[Stored data]
--------------------------------
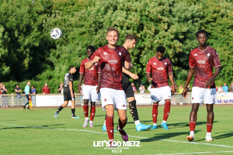 4,6K Le FC Metz a démarré sa préparation estivale pour la saison 2025-2026 par une victoire contre l’US Mondorf (1-0). Les Grenats l’ont emporté grâce à un but du jeune Cléo Mélières. Retour sur ce premier match de la pré-saison des Messins.Démarrage en douceur pour le FC Metz dans cette préparation d’avant-saison. Les Grenats se sont imposés sur la plus petite des marges, grâce à un but inscrit à la 72e minute de jeu par Cléo Mélières, jeune latéral de 20 ans récemment passé professionnel. En face, l’US Mondorf, club évoluant en BGL Ligue (l’élite du football luxembourgeois), constituait un adversaire idéal pour tester deux aspects : le développement d’un jeu offensif construit depuis la défense, mais aussi la solidité du bloc messin face à une équipe compacte, prête à jaillir en contre. Le tout s’est fait dans un contexte de remaniement d’effectif, entre joueurs hors de position, nouveaux arrivants ou éléments encore incertains pour une place de titulaire. 1⃣ – 0⃣ | #FCMUSM 🔚 C'est terminé. Nos Grenats débutent leur campagne estivale par un succès face à @US_Mondorf (1-0) ! pic.twitter.com/NPA9bvNQLC— FC Metz ☨ (@FCMetz) July 16, 2025 Une équipe par mi-temps Dès le coup d’envoi, Stéphane Le Mignan optait pour une revue d’effectif stratégique en alignant deux formations différentes par mi-temps. La première période voyait évoluer une majorité de joueurs titulaires, ayant terminé la saison passée dans les matchs de barrages et de play-offs. Certains absents notables étaient toutefois à relever, notamment Michel Mboula ou Cheikh Sabaly de retour tardif de vacances. Pape Sy était présent dans les buts. La défense était articulée autour de Koffi Kouao à droite, de la première recrue messine Yannis Lawson à gauche, et d’une charnière centrale Sadibou Sané – Joseph Nduquidi. Au milieu, on retrouvait un trio bien connu : Jessy Deminguet, Benjamin Stambouli et Gauthier Hein. En attaque, Morgan Bokele et le nouveau venu Giorgi Tsitaishvili occupaient les ailes, tandis que Brian Madjo, tout juste professionnel, était aligné en pointe. Équipe du FC Metz alignée lors de la 1ère mi-temps (demivolee.com) En seconde période, une équipe plus expérimentale a pris le relais, avec davantage de joueurs de rotation – à l’exception notable de Idrissa Gueye, potentiellement titulaire en attaque cette saison. La surprise venait du poste de gardien : Ousmane Ba, pourtant libre, était présent, mis à l’essai selon le club : « Il pourrait arriver dans un rôle de numéro 3, mais c’est une réflexion à avoir au niveau du club. », a indiqué Le Mignan. En défense, Cléo Mélières et Nathan Mbala occupaient les couloirs, alors que la paire Maxime Colin – Alpha Touré prenait place dans l’axe. Le milieu était très offensif sur le papier avec Ismaël Guerti, Ibou Sané et Joël Asoro. Devant, Malick Mbaye, Papa Amadou Diallo et Idrissa Gueye complétaient le trio. Équipe du FC Metz alignée lors de la 2ème mi-temps (demivolee.com) Rassuré sur les intentions, mais des fragilités toujours présentes Crédit photos : Stephan Weyrath / Let’s Go Metz Parmi les aspects positifs, il faut noter la volonté de Le Mignan de s’appuyer sur des latéraux très offensifs. Les quatre utilisés pendant le match ont apporté un vrai danger sur les côtés. L’objectif était de chercher à créer régulièrement le surnombre face à un bloc luxembourgeois bien regroupé. Un apport souligné par Le Mignan : « Les latéraux avaient beaucoup d’activité sur le jeu proposé cet après-midi […] la preuve, le but est arrivé sur un débordement de Nathan Mbala ». De manière générale, les jeunes éléments, comme Nduquidi, Guerti, Mélières ou Mbala, ont montré de l’envie et un vrai potentiel. Autre point satisfaisant : des automatismes intéressants se dessinent déjà, notamment à droite entre Tsitaishvili, Hein et Kouao. Ces trois joueurs pourraient bien démarrer la prochaine saison ensemble.Cependant, des fragilités subsistent. Le FC Metz a parfois souffert dans la construction au milieu face à une équipe bien regroupée : « On s’attendait à un match plus ouvert. Je ne m’attendais pas à ce que Mondorf joue à cinq derrière », a reconnu Jessy Deminguet. Les Grenats se sont heurtés à maintes reprises au mur luxembourgeois. Cela a entraîné des pertes de balle et des contres dangereux. Le duel physique a également été un défi, avec une exposition parfois risquée. Heureusement, la vigilance défensive, notamment d’un Joseph Nduquidi convaincant dans un poste inhabituel, a permis d’éviter des conséquences plus graves. Enfin, les attaquants de pointe, Madjo et Gueye, ont eu peu d’occasions franches, souvent cantonnés à un rôle de pivot. Une situation où ils ne peuvent pas facilement s’exprimer. Quelques performances individuelles à retenir Crédit photos : Stephan Weyrath / Let’s Go Metz La première apparition de Tsitaishvili avec les Grenats est plutôt prometteuse. Très actif à droite avec Hein et Kouao, il s’est offert plusieurs frappes dangereuses en repiquant dans l’axe. L’une d’entre elles a failli faire mouche, obligeant le gardien de l’équipe luxembourgeoise à s’employer. Le Mignan a en tout cas apprécié la performance du Géorgien et son implication collective : « On a vu de bonnes relations, je pense notamment avec Gauthier (Hein) sur leur zone droite. Donc c’est plutôt intéressant ». Sur le flanc gauche, Mbala a impressionné par son impact et sa qualité de projection. Il est d’ailleurs impliqué sur l’unique but du match. Rappelons que ce dernier n’a pas encore signé de contrat professionnel. Enfin, Mélières, buteur du jour, a convaincu au poste de latéral droit. Une bonne nouvelle pour Le Mignan, qui semble vouloir continuer à utiliser un latéral très offensif à ce poste, comme c’est le cas avec Kouao.Da
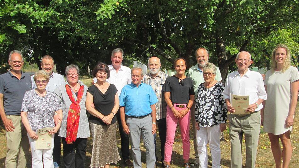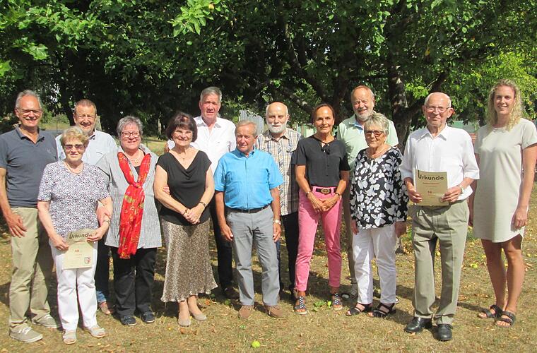 Willekes Dank galt eingangs Christa Hannawacker und ihrem Helferteam für die Bewirtung mit Kaffee und Kuchen. Danach zeichnet die Vorstandscrew die "Veteranen" aus unter denen Doris Tobisch mit 65 Mitgliedsjahren die Treueste war. Die Dankesurkunde und ein Weinpräsent erhielten ebenso Annemirl Albrecht für 60 Jahre und Joachim Wloka, Ulrike Scheblein, Wolfgang Baier und Ulrike Bach für 55 Jahre.
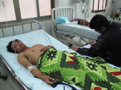| Các nạn nhân Nguyễn Quốc Tuyến, Trần Minh Thu và Nguyễn Văn Hậu đang cấp cứu tại bệnh viện đa khoa Phú Yên. |
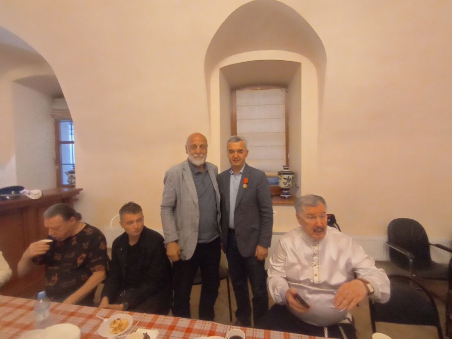 Затем состоялась встреча нового Верховного атамана СКВРиЗ Валерия Камшилова (он же – советник главы Касимова) с известным современным скульптором, автором множества величественных памятников в России Салаватом Александровичем Щербаковым.
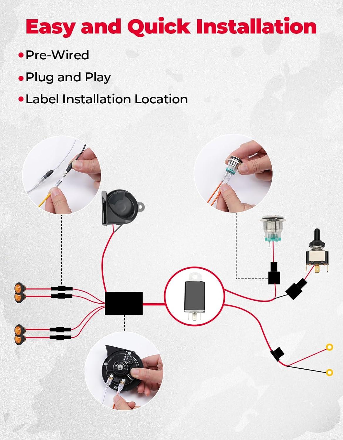 KEMIMOTO UTV Turn Signal Kit with 105D Horn, UTV Street Legal Kit with Toggle Switch, Plug and Play Easy Installation Compatible With Polaris, Can-Am, Teryx, John Deere, Golf Cart, Arctic Cat, CFMOTO
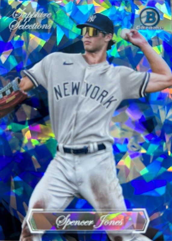 This card is 1 of 16 Spencer Jones' card variations in the 2023 Bowman Chrome Sapphire Edition set being tracked by Sports Card Investor, including Prospects, Prospects SP Variation (Leaning on Railing), Prospects - Aqua /99, Prospects - Orange /75, and Prospects - Yellow /50.
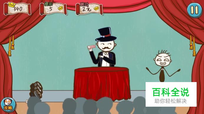 第九关:魔术。 先让史小坑把钱给给魔术师,再点击右边伪装成灯的电风扇,将魔术师的裤子吹掉赶走魔术师就可以了。
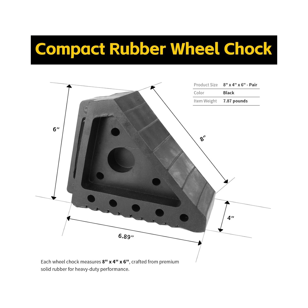The MaxxHaul Solid Rubber Wheel Chock 2-Pack (70472) provides reliable vehicle stabilization for cars, trucks, trailers, and RVs in a wide range of environments. Each chock measures 8″ x 4″ x 6″ and is molded from premium solid rubber, offering exceptional resistance to cracking, crushing, and weather-related wear. Designed for all-season performance, these chocks maintain grip on gravel, pavement, and smooth garage floors thanks to their high-traction, non-slip surface. A built-in molded handle allows fast, tool-free placement and removal, while the oil- and UV-resistant material ensures long-term durability in garages, driveways, slopes, job sites, and campgrounds. Superior to plastic alternatives, MaxxHaul 70472 delivers dependable stability and peace of mind when parking, securing, or storing vehicles for short or long-term use.
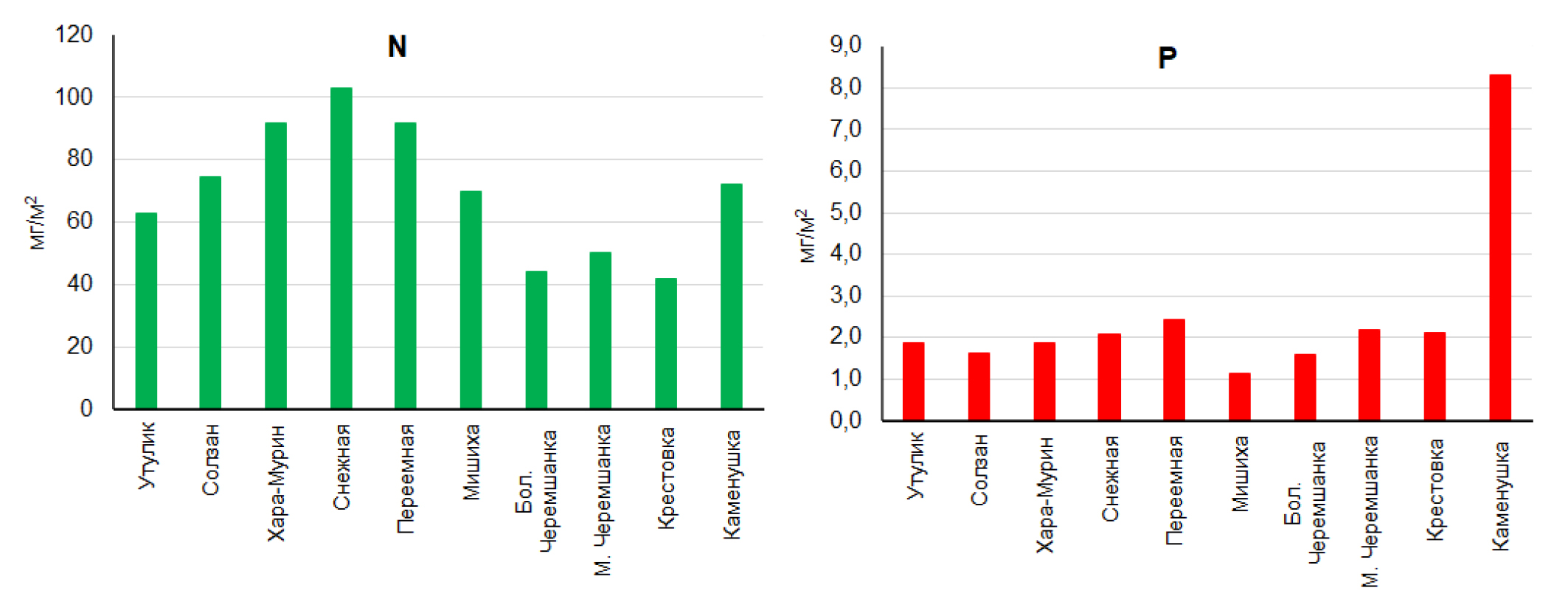 The content of Ntot in the water of tributaries varied from 0.12 to 0.51 mg/L. The highest concentrations were recorded in the Utulik and Solzan rivers, with mean annual values of 0.45 and 0.39 mg/L, respectively. The lowest recorded concentration, with mean annual values of 0.21 and 0.24 mg/L, was observed in the Pereemnaya and rivers (Fig. 3).
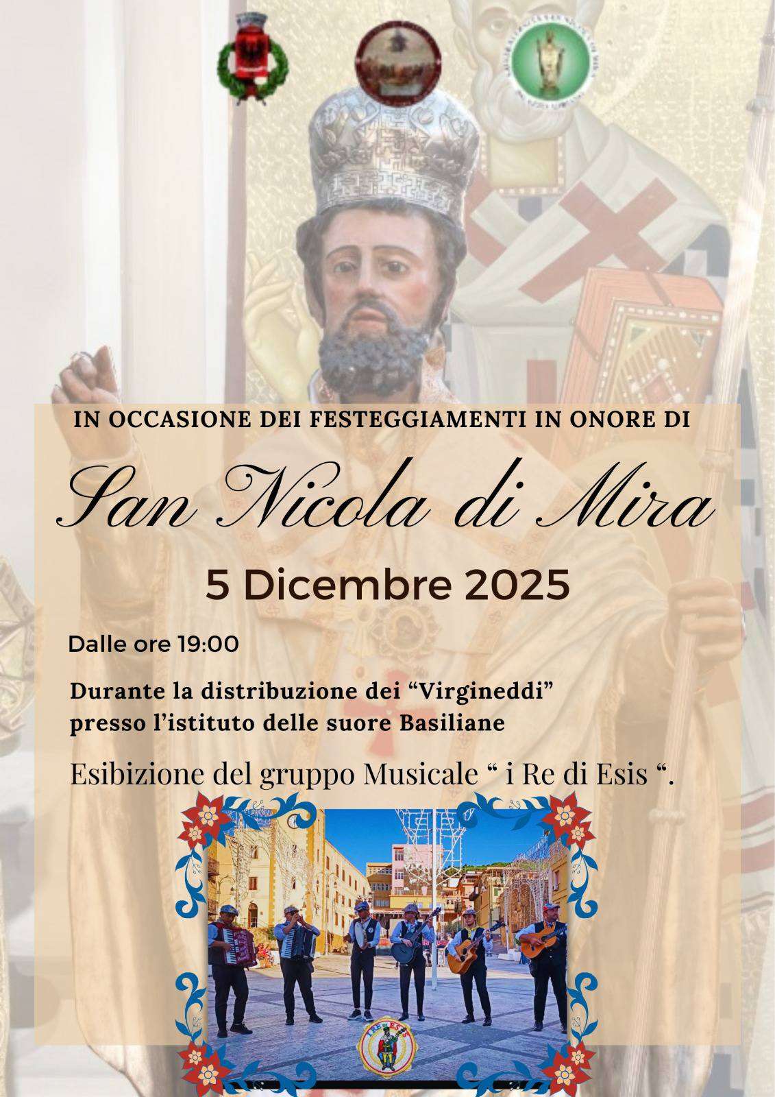 La Festa di San Nicola di Palazzo Adriano secondo la liturgia bizantina, le funzioni religiose della novena, il vespro solenne, la divina liturgia e la processione del simulacro. Benedizione e distribuzione dei tradizionali “Virgineddi”.
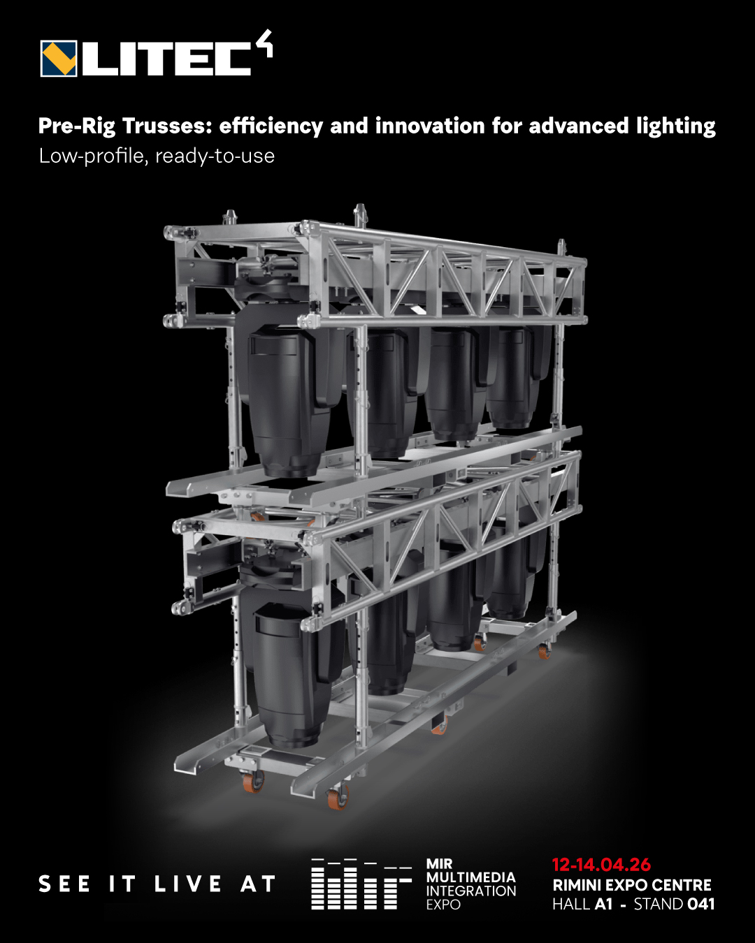 LITEC pre-rig trusses, with a height of just 60 cm, offer a range of configurations for housing lighting fixtures and intelligent luminaires, designed to meet the needs of the most demanding professionals.
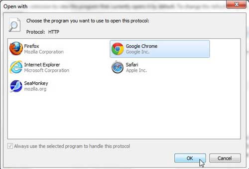 Clique no navegador da Web que deseja usar ao clicar em um link e, em seguida, clique no botãoOKbotão.
--------------------------------
How to complete this task>
In the records above, find the line containing "KEMIMOTO UTV Turn" and the line containing "第九关:魔术。 先让史小坑把", then give both of them again word for word along with every line between. Omit any pictures.

Solution>
 KEMIMOTO UTV Turn Signal Kit with 105D Horn, UTV Street Legal Kit with Toggle Switch, Plug and Play Easy Installation Compatible With Polaris, Can-Am, Teryx, John Deere, Golf Cart, Arctic Cat, CFMOTO
 This card is 1 of 16 Spencer Jones' card variations in the 2023 Bowman Chrome Sapphire Edition set being tracked by Sports Card Investor, including Prospects, Prospects SP Variation (Leaning on Railing), Prospects - Aqua /99, Prospects - Orange /75, and Prospects - Yellow /50.
 第九关:魔术。 先让史小坑把钱给给魔术师,再点击右边伪装成灯的电风扇,将魔术师的裤子吹掉赶走魔术师就可以了。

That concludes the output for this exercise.